With efficiency being crucial when every dollar counts, operators in unconventional plays could add microseismic technology to fracture modeling methods to gain insight into permeability advances and better forecast production.
That’s according to Sudhendu Kashikar, vice president of completions evaluation for MicroSeismic Inc.
Understanding drainage volume and improved permeability of stimulated rock are essential to forecasting production, he said. Typically, several models are used to accomplish this, but the approach has its drawbacks.
A single frack model per stage ignores geological variations along the wellbore. Plus, a discrete fracture network (DFN) model is needed to determine how fracturing actually improves the permeability of stimulated rock, Kashikar said.
Microseismic techniques can simplify the workflow and help with production forecasting, Kashikar said during a webcast June 16.
“Technology and procedures were developed to discriminate the microseismic events and fractures described by these events, capturing propped versus unpropped fractures,” Kashikar said while describing Productive-stimulated rock volume (Productive-SRV) technology. “A rock volume capturing the proppant-filled refractures showed much better correlation to the cumulative production than the total stimulated rock volume.”
Productive-SRV technology estimates how much stimulated fracture remains open through proppant placement by using estimated target zone productivity, a DFN, propped fracture estimate and the Fat Fracture drainage estimate, according to MicroSeismic’s website.
Focus is usually on the location of the proppant, but focus should also be on the amount of improved permeability achieved within the SRV or the Productive-SRV, he said.
Understanding and measuring such improvements will lead to the next step in reservoir stimulation and production forecasting, he said.
Using microseismic data has proven beneficial in establishing a deterministic DFN, which shows fractures detected through seismic.
“For every microseismic event we describe a fracture plane. The size is guided by the magnitude, and the orientation comes from the focal mechanism,” he said. “This is much easier to do with surface microseismic.”
The model is calibrated to actual fluid volumes pumped for a well. A mass balance approach is used to fill the fractures with proppant starting from the wellbore moving outward until the proppant is consumed for that stage, Kashikar explained. Once the fracture network and the propped network have been established, a geocellular grid can be superimposed to obtain the SRV and productive SRV to capture the proppant-filled rock volume, he said.

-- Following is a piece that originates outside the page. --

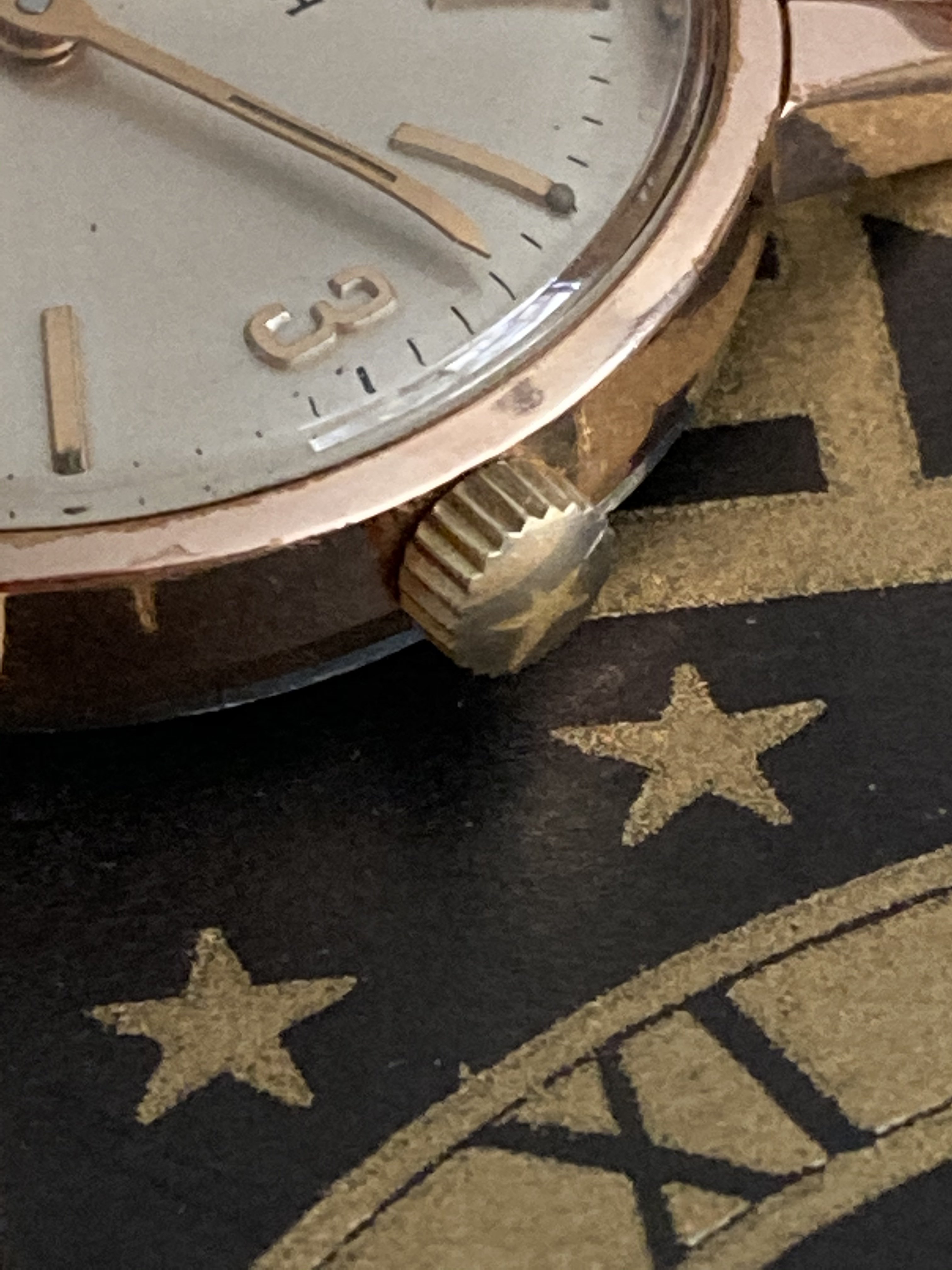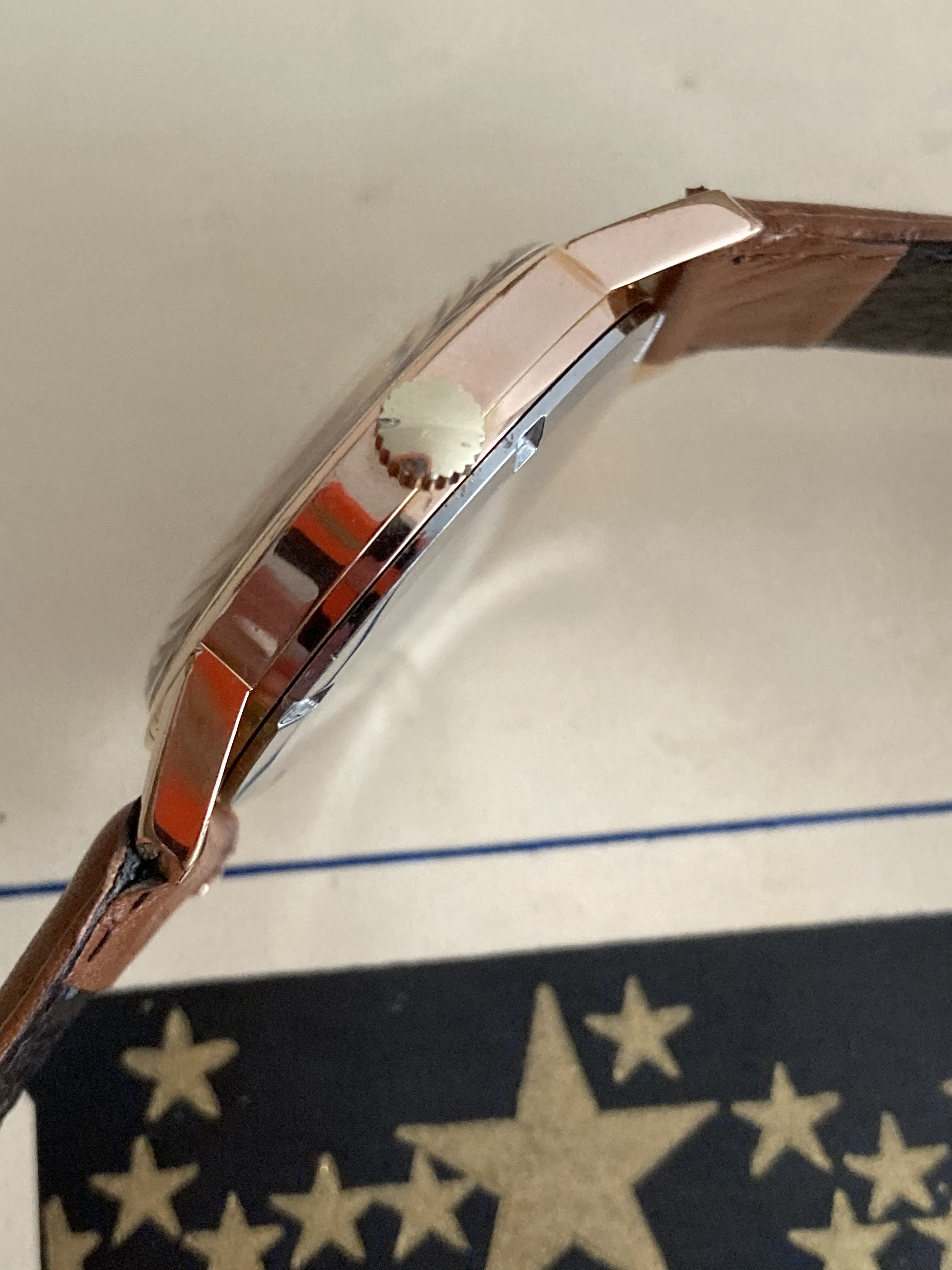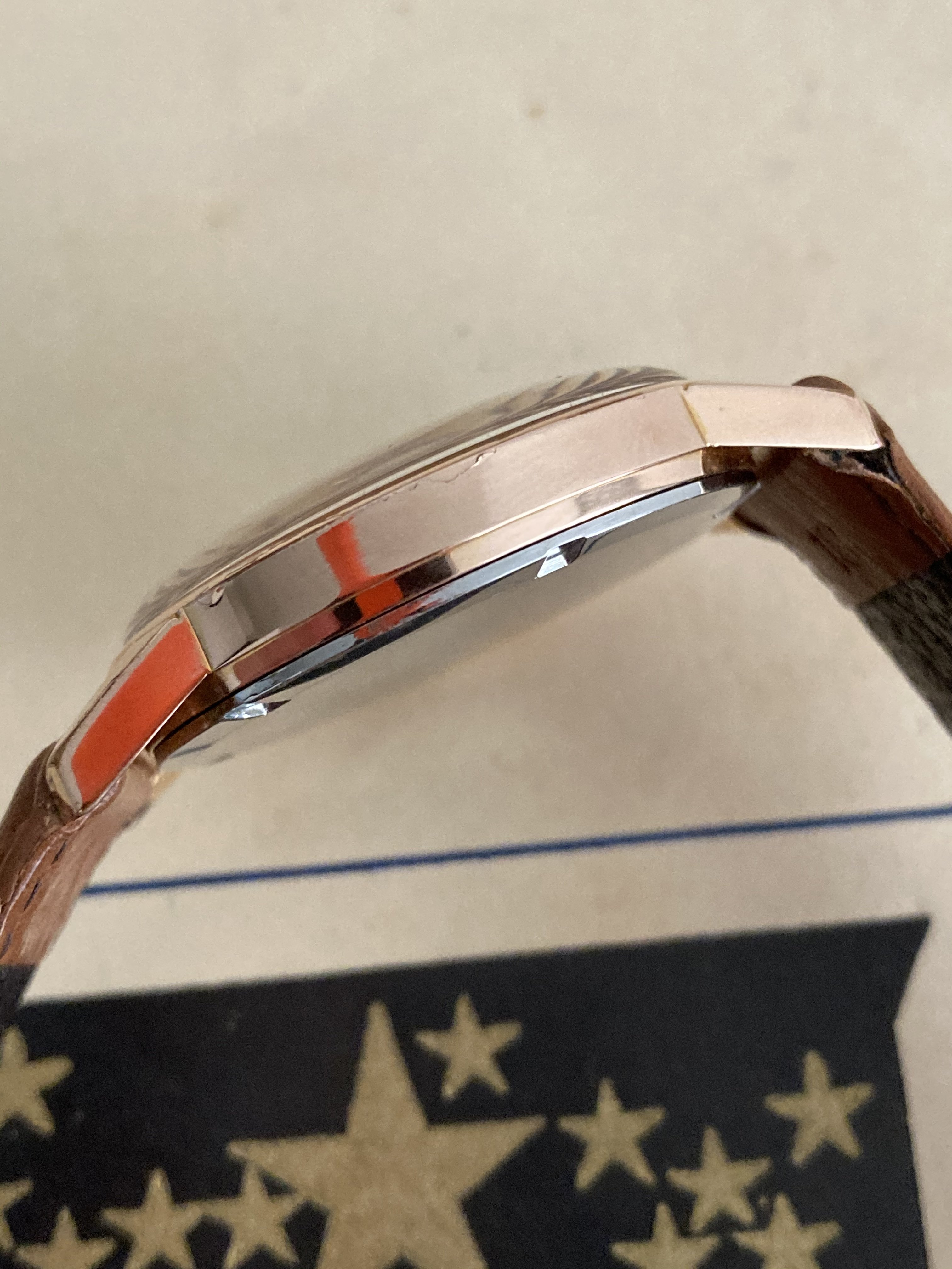 ·A nice early to mid 60s Rose gold plated Cal 2531 in very good condition with only a hint of gold loss. 33mm Case with nice defined edges. Very clean movement. Unsigned crown and buckle and generic strap. There’s still a faint glow from the lume on the hands which may be more visible to someone with better eyes. Now I know why my parents hated driving at night. Would like this to stay here in the OF family. $225 shipped in the US. Anywhere else will be the buyers expense.

“One advantage of this workflow is the ability to capture fracture intensity—the number of fractures, the orientation of these fractures—to quantify the permeability enhancement achieved,” Kashikar added.
Key steps for the production forecasting workflow are describing three reservoir volumes—the productive SRV (the propped fractures), total SRV (includes propped and unpropped fractures) and the permeability scalar for individual cells within each region to determine how permeability improved for neighboring cells.
This workflow, he said, captures not only the size and shape of the drainage volume but also permeability within the drainage volume.
The process is a big step forward, he said, in understanding and determining the effectiveness of hydraulic fracturing.
“Rather than relying on a single representative fracture model, we can fully and accurately capture the variable fracture geometry and fracture intensity for the entire length of the wellbore, providing a much better production forecast,” Kashikar said. “We can now use the productive stimulated rock volume and the stimulated rock volume with permeability scalars to directly and explicitly describe the reservoir volume in the reservoir simulator.”